● **Exercise data**:
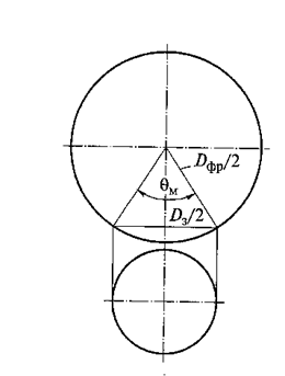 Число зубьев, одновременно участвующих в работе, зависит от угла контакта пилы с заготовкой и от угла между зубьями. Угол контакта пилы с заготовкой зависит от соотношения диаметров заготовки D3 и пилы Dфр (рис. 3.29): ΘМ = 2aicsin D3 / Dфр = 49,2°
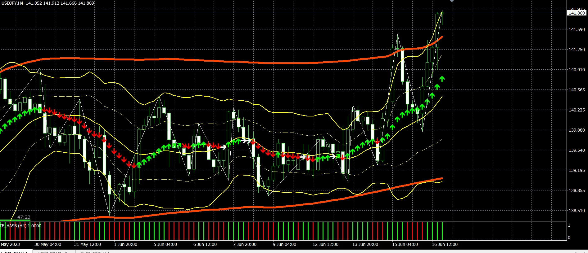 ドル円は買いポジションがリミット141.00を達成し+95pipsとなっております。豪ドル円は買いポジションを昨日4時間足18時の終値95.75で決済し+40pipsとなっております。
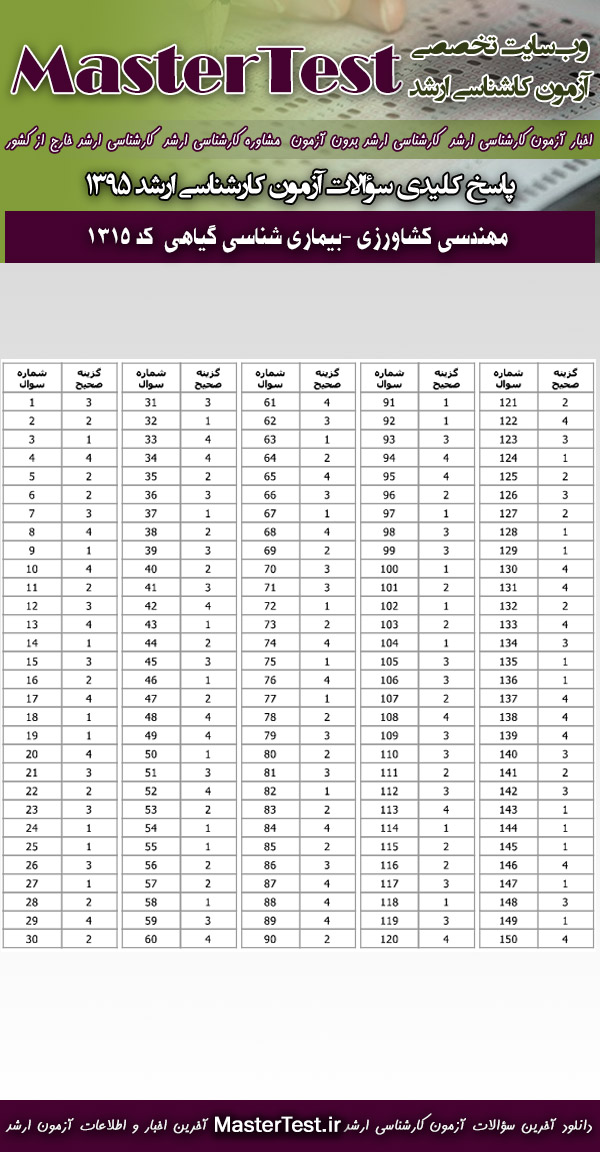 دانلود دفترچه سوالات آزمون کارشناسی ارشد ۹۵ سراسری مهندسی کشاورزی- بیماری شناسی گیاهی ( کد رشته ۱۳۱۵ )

==

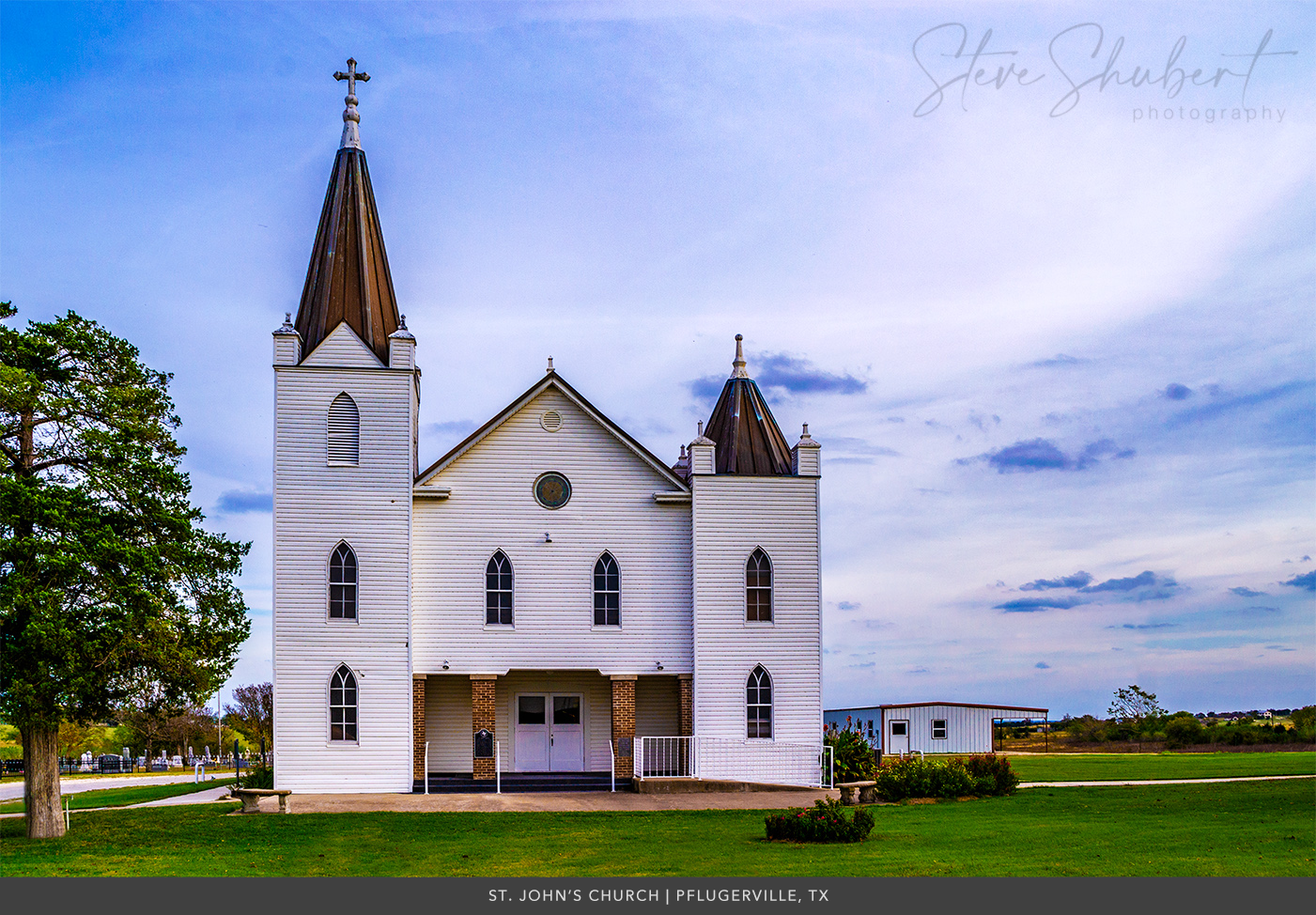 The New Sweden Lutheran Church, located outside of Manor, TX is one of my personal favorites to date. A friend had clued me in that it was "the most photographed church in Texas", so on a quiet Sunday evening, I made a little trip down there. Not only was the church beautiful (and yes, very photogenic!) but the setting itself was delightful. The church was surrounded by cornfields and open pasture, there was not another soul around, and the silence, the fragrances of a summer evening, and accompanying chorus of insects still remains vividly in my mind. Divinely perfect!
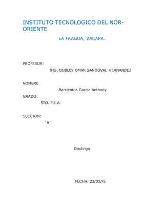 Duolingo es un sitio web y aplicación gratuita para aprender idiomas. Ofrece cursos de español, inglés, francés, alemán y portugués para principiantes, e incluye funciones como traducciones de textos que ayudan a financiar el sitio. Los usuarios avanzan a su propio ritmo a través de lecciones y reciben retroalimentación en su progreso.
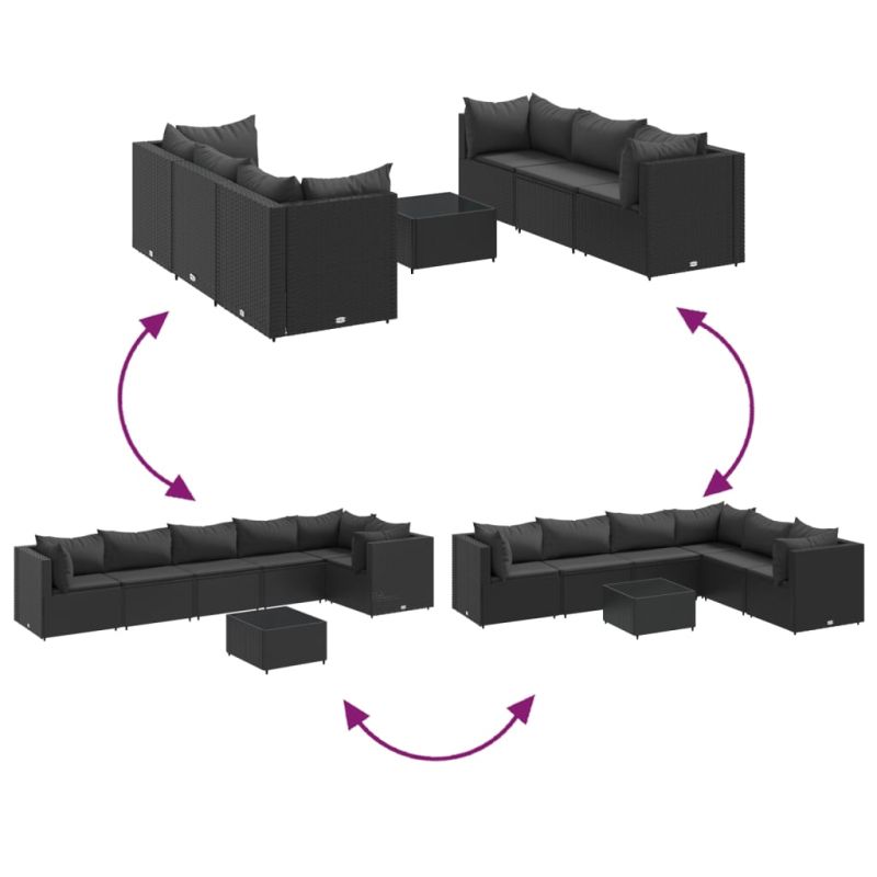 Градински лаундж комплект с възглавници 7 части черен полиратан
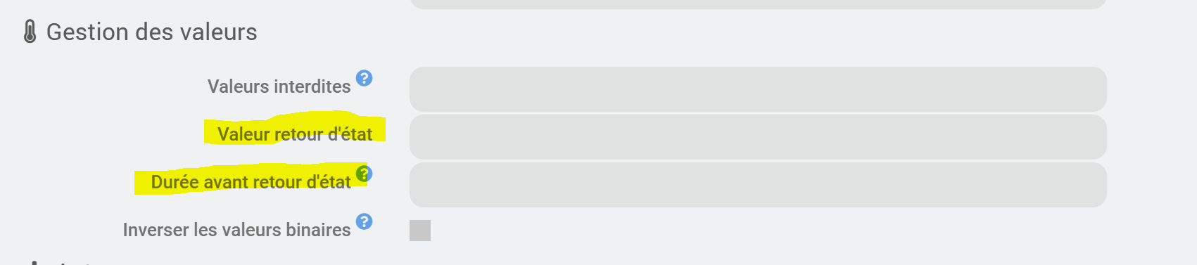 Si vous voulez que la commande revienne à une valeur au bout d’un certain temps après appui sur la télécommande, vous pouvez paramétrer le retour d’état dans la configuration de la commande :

* * *

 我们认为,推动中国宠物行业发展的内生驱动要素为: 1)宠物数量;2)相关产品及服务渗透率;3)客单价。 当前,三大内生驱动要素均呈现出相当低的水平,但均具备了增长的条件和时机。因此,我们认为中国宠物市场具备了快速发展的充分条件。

● **The task**:
Output exactly the stretch of the listing that begins at the line containing "Градински лаундж комплект" and ends at the line containing "Si vous voulez", both kept. Omit pictures and everything else.

● **Answer box**:
 Градински лаундж комплект с възглавници 7 части черен полиратан
 Si vous voulez que la commande revienne à une valeur au bout d’un certain temps après appui sur la télécommande, vous pouvez paramétrer le retour d’état dans la configuration de la commande :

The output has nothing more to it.